— What you are asked to do —
Print all entries word for word.

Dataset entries
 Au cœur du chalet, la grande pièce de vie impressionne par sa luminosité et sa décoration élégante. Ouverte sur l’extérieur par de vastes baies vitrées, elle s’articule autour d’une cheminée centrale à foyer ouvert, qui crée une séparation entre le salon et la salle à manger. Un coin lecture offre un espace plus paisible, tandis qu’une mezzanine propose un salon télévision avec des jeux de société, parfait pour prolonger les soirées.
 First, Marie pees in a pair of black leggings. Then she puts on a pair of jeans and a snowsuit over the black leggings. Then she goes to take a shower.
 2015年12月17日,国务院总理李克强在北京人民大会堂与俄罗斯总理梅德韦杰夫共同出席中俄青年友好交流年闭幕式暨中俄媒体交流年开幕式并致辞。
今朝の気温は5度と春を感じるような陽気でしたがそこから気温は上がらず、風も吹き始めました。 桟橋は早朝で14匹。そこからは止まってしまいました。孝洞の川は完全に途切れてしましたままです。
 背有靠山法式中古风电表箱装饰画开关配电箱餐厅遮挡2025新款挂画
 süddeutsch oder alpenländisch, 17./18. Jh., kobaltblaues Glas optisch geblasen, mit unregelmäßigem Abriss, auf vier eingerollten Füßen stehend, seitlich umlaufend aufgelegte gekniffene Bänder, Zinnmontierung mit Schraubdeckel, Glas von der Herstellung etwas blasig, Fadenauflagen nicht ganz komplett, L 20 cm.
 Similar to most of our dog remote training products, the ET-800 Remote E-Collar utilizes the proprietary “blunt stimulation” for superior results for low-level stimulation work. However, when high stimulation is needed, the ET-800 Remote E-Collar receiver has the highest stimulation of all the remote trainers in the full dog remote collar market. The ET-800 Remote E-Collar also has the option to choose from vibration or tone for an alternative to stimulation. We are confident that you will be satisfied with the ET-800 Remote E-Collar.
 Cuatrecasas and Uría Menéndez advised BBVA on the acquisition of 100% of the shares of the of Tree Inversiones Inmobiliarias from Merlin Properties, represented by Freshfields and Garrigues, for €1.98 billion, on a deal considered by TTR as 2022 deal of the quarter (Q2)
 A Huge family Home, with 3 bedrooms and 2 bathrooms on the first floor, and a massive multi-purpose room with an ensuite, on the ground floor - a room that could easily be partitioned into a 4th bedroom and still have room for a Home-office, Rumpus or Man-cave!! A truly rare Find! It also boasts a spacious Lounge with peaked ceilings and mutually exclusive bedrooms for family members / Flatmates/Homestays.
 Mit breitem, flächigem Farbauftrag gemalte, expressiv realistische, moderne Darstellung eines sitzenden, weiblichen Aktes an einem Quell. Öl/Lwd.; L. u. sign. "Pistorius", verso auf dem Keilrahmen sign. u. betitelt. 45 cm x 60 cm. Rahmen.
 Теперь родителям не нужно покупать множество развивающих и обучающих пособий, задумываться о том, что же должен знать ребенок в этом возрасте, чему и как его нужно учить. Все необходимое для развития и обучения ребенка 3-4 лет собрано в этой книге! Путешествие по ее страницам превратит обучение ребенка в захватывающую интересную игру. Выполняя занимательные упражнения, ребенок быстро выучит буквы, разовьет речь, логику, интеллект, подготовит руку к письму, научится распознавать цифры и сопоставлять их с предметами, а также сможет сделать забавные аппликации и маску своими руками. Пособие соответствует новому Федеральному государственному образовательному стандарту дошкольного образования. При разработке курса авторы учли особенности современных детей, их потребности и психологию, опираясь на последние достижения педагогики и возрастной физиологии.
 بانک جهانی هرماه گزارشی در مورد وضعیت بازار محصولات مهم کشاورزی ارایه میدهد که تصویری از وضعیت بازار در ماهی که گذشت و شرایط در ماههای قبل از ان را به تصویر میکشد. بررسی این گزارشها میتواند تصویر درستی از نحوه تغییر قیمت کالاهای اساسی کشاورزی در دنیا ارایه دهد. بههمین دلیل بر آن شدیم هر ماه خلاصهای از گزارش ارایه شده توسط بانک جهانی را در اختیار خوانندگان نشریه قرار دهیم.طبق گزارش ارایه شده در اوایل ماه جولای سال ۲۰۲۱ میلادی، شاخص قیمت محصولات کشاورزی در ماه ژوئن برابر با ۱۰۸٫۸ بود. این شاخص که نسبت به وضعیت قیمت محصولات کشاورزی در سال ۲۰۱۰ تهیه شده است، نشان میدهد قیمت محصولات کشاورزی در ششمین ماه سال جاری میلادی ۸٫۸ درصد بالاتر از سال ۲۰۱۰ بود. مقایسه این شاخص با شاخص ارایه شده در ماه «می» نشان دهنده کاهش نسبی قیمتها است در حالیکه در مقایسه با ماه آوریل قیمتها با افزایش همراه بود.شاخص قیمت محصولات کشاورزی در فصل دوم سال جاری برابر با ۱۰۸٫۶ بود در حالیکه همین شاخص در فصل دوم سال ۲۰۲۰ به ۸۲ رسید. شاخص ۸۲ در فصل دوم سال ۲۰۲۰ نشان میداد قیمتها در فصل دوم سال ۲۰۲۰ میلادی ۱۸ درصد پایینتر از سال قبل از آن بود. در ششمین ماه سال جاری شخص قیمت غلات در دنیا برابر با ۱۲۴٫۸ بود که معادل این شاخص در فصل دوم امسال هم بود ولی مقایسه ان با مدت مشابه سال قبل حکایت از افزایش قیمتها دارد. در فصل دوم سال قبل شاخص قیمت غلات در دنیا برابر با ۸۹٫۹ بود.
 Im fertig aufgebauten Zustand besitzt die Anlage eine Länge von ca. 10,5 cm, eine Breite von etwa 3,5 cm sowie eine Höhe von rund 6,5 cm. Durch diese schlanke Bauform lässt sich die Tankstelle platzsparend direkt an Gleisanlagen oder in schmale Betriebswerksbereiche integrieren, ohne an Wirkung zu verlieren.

— Solution to the problem —
 Au cœur du chalet, la grande pièce de vie impressionne par sa luminosité et sa décoration élégante. Ouverte sur l’extérieur par de vastes baies vitrées, elle s’articule autour d’une cheminée centrale à foyer ouvert, qui crée une séparation entre le salon et la salle à manger. Un coin lecture offre un espace plus paisible, tandis qu’une mezzanine propose un salon télévision avec des jeux de société, parfait pour prolonger les soirées.
 First, Marie pees in a pair of black leggings. Then she puts on a pair of jeans and a snowsuit over the black leggings. Then she goes to take a shower.
 2015年12月17日,国务院总理李克强在北京人民大会堂与俄罗斯总理梅德韦杰夫共同出席中俄青年友好交流年闭幕式暨中俄媒体交流年开幕式并致辞。
今朝の気温は5度と春を感じるような陽気でしたがそこから気温は上がらず、風も吹き始めました。 桟橋は早朝で14匹。そこからは止まってしまいました。孝洞の川は完全に途切れてしましたままです。
 背有靠山法式中古风电表箱装饰画开关配电箱餐厅遮挡2025新款挂画
 süddeutsch oder alpenländisch, 17./18. Jh., kobaltblaues Glas optisch geblasen, mit unregelmäßigem Abriss, auf vier eingerollten Füßen stehend, seitlich umlaufend aufgelegte gekniffene Bänder, Zinnmontierung mit Schraubdeckel, Glas von der Herstellung etwas blasig, Fadenauflagen nicht ganz komplett, L 20 cm.
 Similar to most of our dog remote training products, the ET-800 Remote E-Collar utilizes the proprietary “blunt stimulation” for superior results for low-level stimulation work. However, when high stimulation is needed, the ET-800 Remote E-Collar receiver has the highest stimulation of all the remote trainers in the full dog remote collar market. The ET-800 Remote E-Collar also has the option to choose from vibration or tone for an alternative to stimulation. We are confident that you will be satisfied with the ET-800 Remote E-Collar.
 Cuatrecasas and Uría Menéndez advised BBVA on the acquisition of 100% of the shares of the of Tree Inversiones Inmobiliarias from Merlin Properties, represented by Freshfields and Garrigues, for €1.98 billion, on a deal considered by TTR as 2022 deal of the quarter (Q2)
 A Huge family Home, with 3 bedrooms and 2 bathrooms on the first floor, and a massive multi-purpose room with an ensuite, on the ground floor - a room that could easily be partitioned into a 4th bedroom and still have room for a Home-office, Rumpus or Man-cave!! A truly rare Find! It also boasts a spacious Lounge with peaked ceilings and mutually exclusive bedrooms for family members / Flatmates/Homestays.
 Mit breitem, flächigem Farbauftrag gemalte, expressiv realistische, moderne Darstellung eines sitzenden, weiblichen Aktes an einem Quell. Öl/Lwd.; L. u. sign. "Pistorius", verso auf dem Keilrahmen sign. u. betitelt. 45 cm x 60 cm. Rahmen.
 Теперь родителям не нужно покупать множество развивающих и обучающих пособий, задумываться о том, что же должен знать ребенок в этом возрасте, чему и как его нужно учить. Все необходимое для развития и обучения ребенка 3-4 лет собрано в этой книге! Путешествие по ее страницам превратит обучение ребенка в захватывающую интересную игру. Выполняя занимательные упражнения, ребенок быстро выучит буквы, разовьет речь, логику, интеллект, подготовит руку к письму, научится распознавать цифры и сопоставлять их с предметами, а также сможет сделать забавные аппликации и маску своими руками. Пособие соответствует новому Федеральному государственному образовательному стандарту дошкольного образования. При разработке курса авторы учли особенности современных детей, их потребности и психологию, опираясь на последние достижения педагогики и возрастной физиологии.
 بانک جهانی هرماه گزارشی در مورد وضعیت بازار محصولات مهم کشاورزی ارایه میدهد که تصویری از وضعیت بازار در ماهی که گذشت و شرایط در ماههای قبل از ان را به تصویر میکشد. بررسی این گزارشها میتواند تصویر درستی از نحوه تغییر قیمت کالاهای اساسی کشاورزی در دنیا ارایه دهد. بههمین دلیل بر آن شدیم هر ماه خلاصهای از گزارش ارایه شده توسط بانک جهانی را در اختیار خوانندگان نشریه قرار دهیم.طبق گزارش ارایه شده در اوایل ماه جولای سال ۲۰۲۱ میلادی، شاخص قیمت محصولات کشاورزی در ماه ژوئن برابر با ۱۰۸٫۸ بود. این شاخص که نسبت به وضعیت قیمت محصولات کشاورزی در سال ۲۰۱۰ تهیه شده است، نشان میدهد قیمت محصولات کشاورزی در ششمین ماه سال جاری میلادی ۸٫۸ درصد بالاتر از سال ۲۰۱۰ بود. مقایسه این شاخص با شاخص ارایه شده در ماه «می» نشان دهنده کاهش نسبی قیمتها است در حالیکه در مقایسه با ماه آوریل قیمتها با افزایش همراه بود.شاخص قیمت محصولات کشاورزی در فصل دوم سال جاری برابر با ۱۰۸٫۶ بود در حالیکه همین شاخص در فصل دوم سال ۲۰۲۰ به ۸۲ رسید. شاخص ۸۲ در فصل دوم سال ۲۰۲۰ نشان میداد قیمتها در فصل دوم سال ۲۰۲۰ میلادی ۱۸ درصد پایینتر از سال قبل از آن بود. در ششمین ماه سال جاری شخص قیمت غلات در دنیا برابر با ۱۲۴٫۸ بود که معادل این شاخص در فصل دوم امسال هم بود ولی مقایسه ان با مدت مشابه سال قبل حکایت از افزایش قیمتها دارد. در فصل دوم سال قبل شاخص قیمت غلات در دنیا برابر با ۸۹٫۹ بود.
 Im fertig aufgebauten Zustand besitzt die Anlage eine Länge von ca. 10,5 cm, eine Breite von etwa 3,5 cm sowie eine Höhe von rund 6,5 cm. Durch diese schlanke Bauform lässt sich die Tankstelle platzsparend direkt an Gleisanlagen oder in schmale Betriebswerksbereiche integrieren, ohne an Wirkung zu verlieren.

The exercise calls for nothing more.